Wednesday, 23 August 2023

Study for Obedience

 


I wanted to be good in the terrible world. I thought of the birds. I accumulated fidelities in this space of diminishing returns. On the one hand, I felt that my obedience had been rewarded at last. On the other, in this cold and beautiful countryside, I feared I was living a life which I had done nothing to earn and I felt sure of some swift and terrible retribution. As I bit into the last strawberry, I began to weep because language, I felt, was no longer at our disposal, because there was nothing in the word that we could use. Nothing settled in place.

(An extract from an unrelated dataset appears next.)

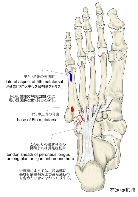 ※「短小趾屈筋と小趾対立筋は第5中足骨底、長足底靱帯およびから共通腱をもって起こる。」(船戸和也のHP)

The title of Study for Obedience hearkens to the world of painting, and as it has been widely noted that author Sarah Bernstein had been inspired by a retrospective of feminist painter Paula Rego’s work (even using Rego’s words as an epigraph: I can turn the tables and do as I want. I can make women stronger. I can make them obedient and murderous at the same time.), it should come as no surprise that Bernstein’s novel comes across as painterly. Impressionistic and pointillist, showcasing tone and technique over overt subject matter, Bernstein nonetheless masterfully explores notions of guilt and innocence, language and belonging, history and destiny, and the complicity of those who claim to have been simply following orders. A Gothic rural horror that reads like a mashup of Max Porter and Shirley Jackson, I experienced this viscerally — not really knowing if Bernstein was giving us a modern fairytale until late references to reality recall horror beyond anything the Brothers Grimm imagined. I loved every bit of this experience — even if, perhaps especially if, I had to work to make meaning — and I will absolutely read the author again. (And speaking of paintings: Why does this cover look like someone killed Donna Tartt’s Goldfinch?) Slightly spoilery from here (I knew nothing going in and would recommend the same to other readers). The novel opens:

It was the year the sow eradicated her piglets. It was a swift and menacing time. One of the local dogs was having a phantom pregnancy. Things were leaving one place and showing up in another. It was springtime when I arrived in the country, an east wind blowing, an uncanny wind as it turned out. Certain things began to arise. The pigs came later though not much, and even if I had only recently arrived, had no livestock-caretaking responsibilities, had only been in to look, safely on one side of the electric fence, I knew they were right to hold me responsible. But all that as I said came later.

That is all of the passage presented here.